> _Exercise description_: Set the material down again exactly, line by line, skipping each picture.

> _Data excerpt_:
----------------------------------------
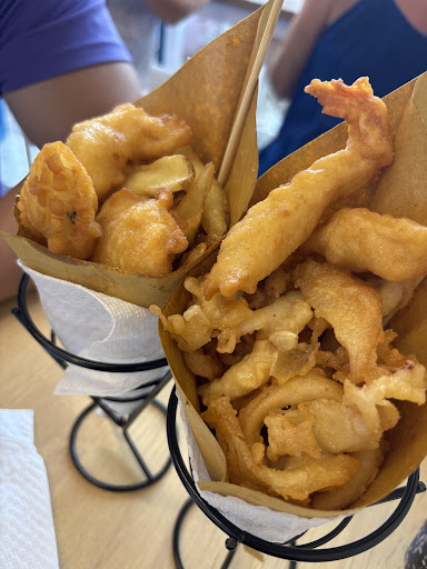Read moreA lovely little seafood place tucked away on the main street of sorrento. A little oasis of calamari. The staff are very accommodating and explain everything to you, helping with sauces and drinks from the ice cold fridge. The food itself is lovely, all local fresh seafood from the nearby sea, you can't go wrong. Our calamari and prawns were lovely and the chips were crispy and hot. Everything came for our table fresh and the presentation was lovely in little newspaper cones. All food is reasonable and good worth for your money. 100% recommend as a light or heavy lunch or maybe a later snack if you've been out drinking and maybe haven't...
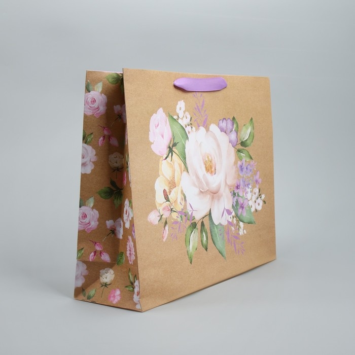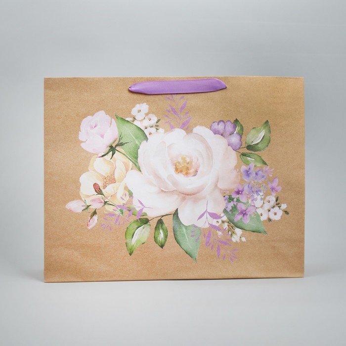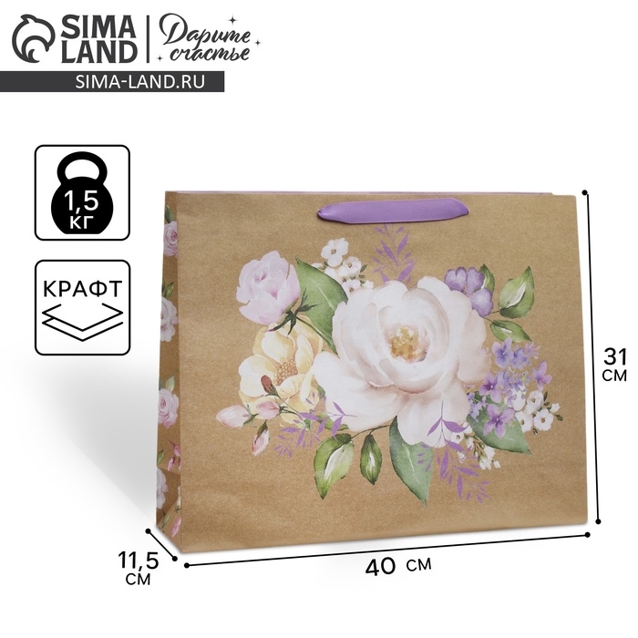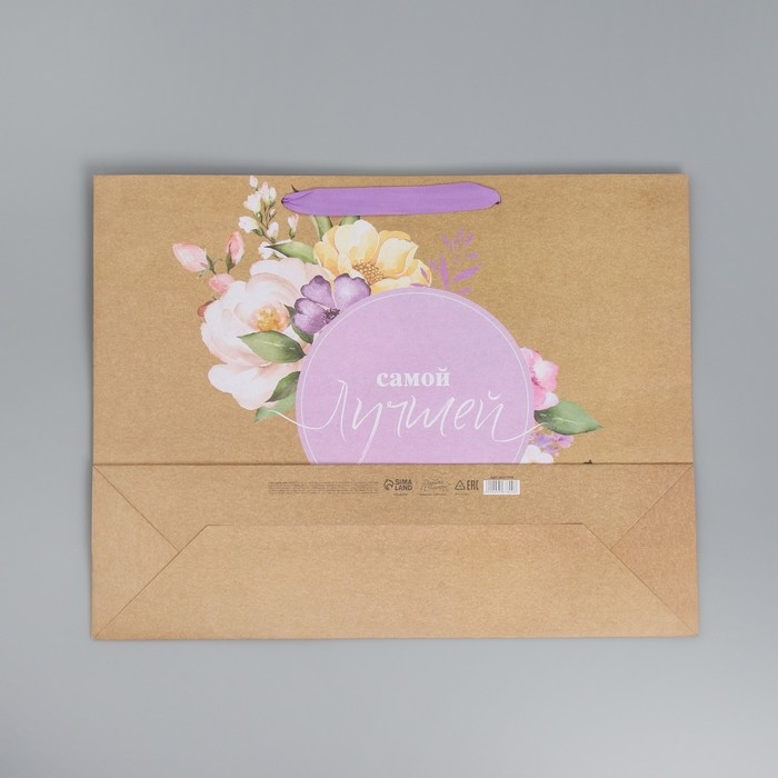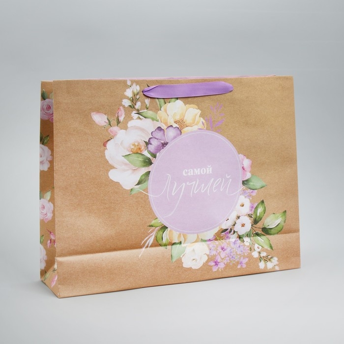 Пакет подарочный крафтовый горизонтальный, упаковка, «Самой Лучшей», L 40 х 31 х 11,5 см
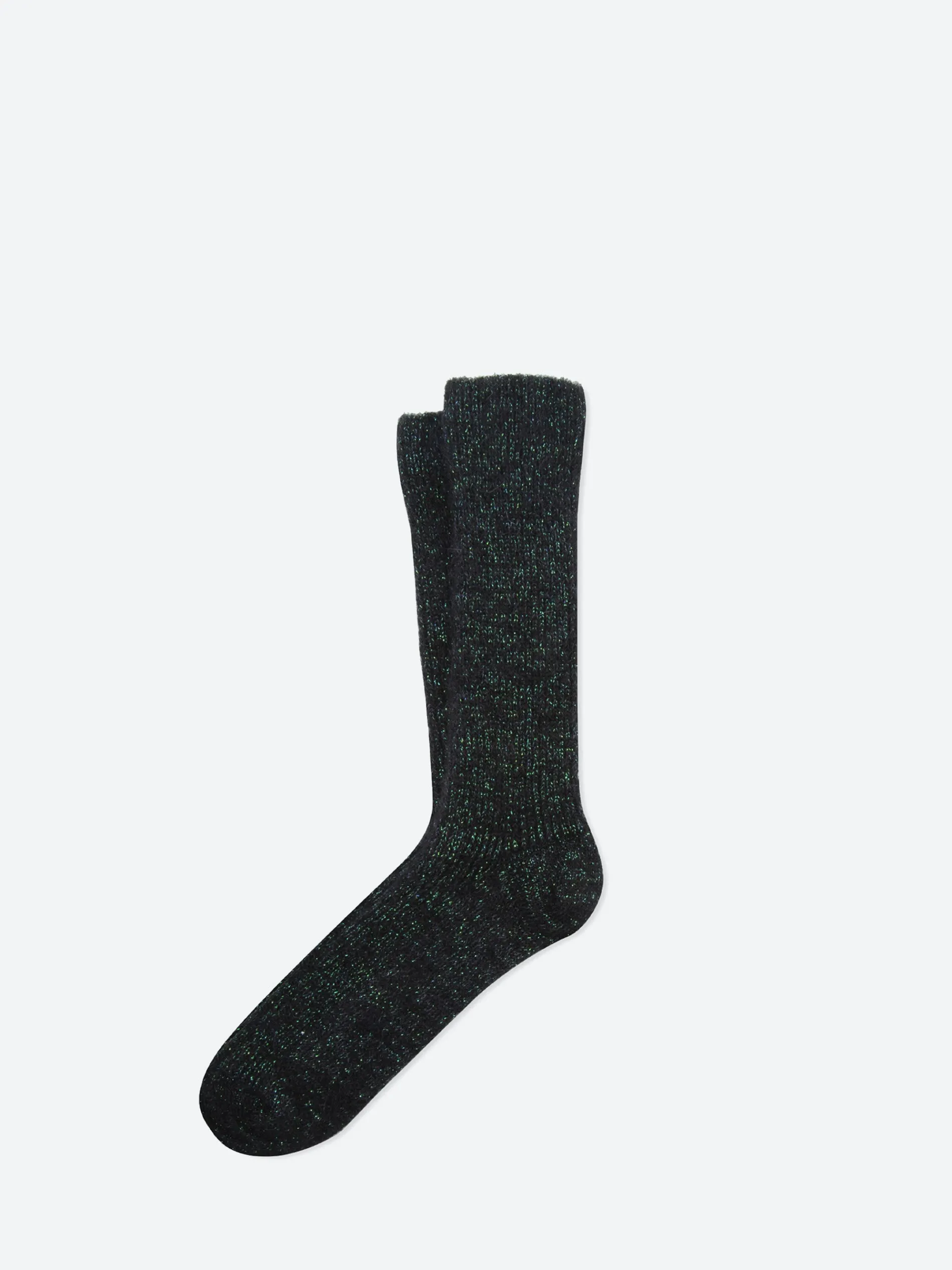 Solid coloured crew socks in ribbed mohair knit with subtle lurex sparkle.
----------------------------------------
> _Answer space_:
Read moreA lovely little seafood place tucked away on the main street of sorrento. A little oasis of calamari. The staff are very accommodating and explain everything to you, helping with sauces and drinks from the ice cold fridge. The food itself is lovely, all local fresh seafood from the nearby sea, you can't go wrong. Our calamari and prawns were lovely and the chips were crispy and hot. Everything came for our table fresh and the presentation was lovely in little newspaper cones. All food is reasonable and good worth for your money. 100% recommend as a light or heavy lunch or maybe a later snack if you've been out drinking and maybe haven't...
 Пакет подарочный крафтовый горизонтальный, упаковка, «Самой Лучшей», L 40 х 31 х 11,5 см
 Solid coloured crew socks in ribbed mohair knit with subtle lurex sparkle.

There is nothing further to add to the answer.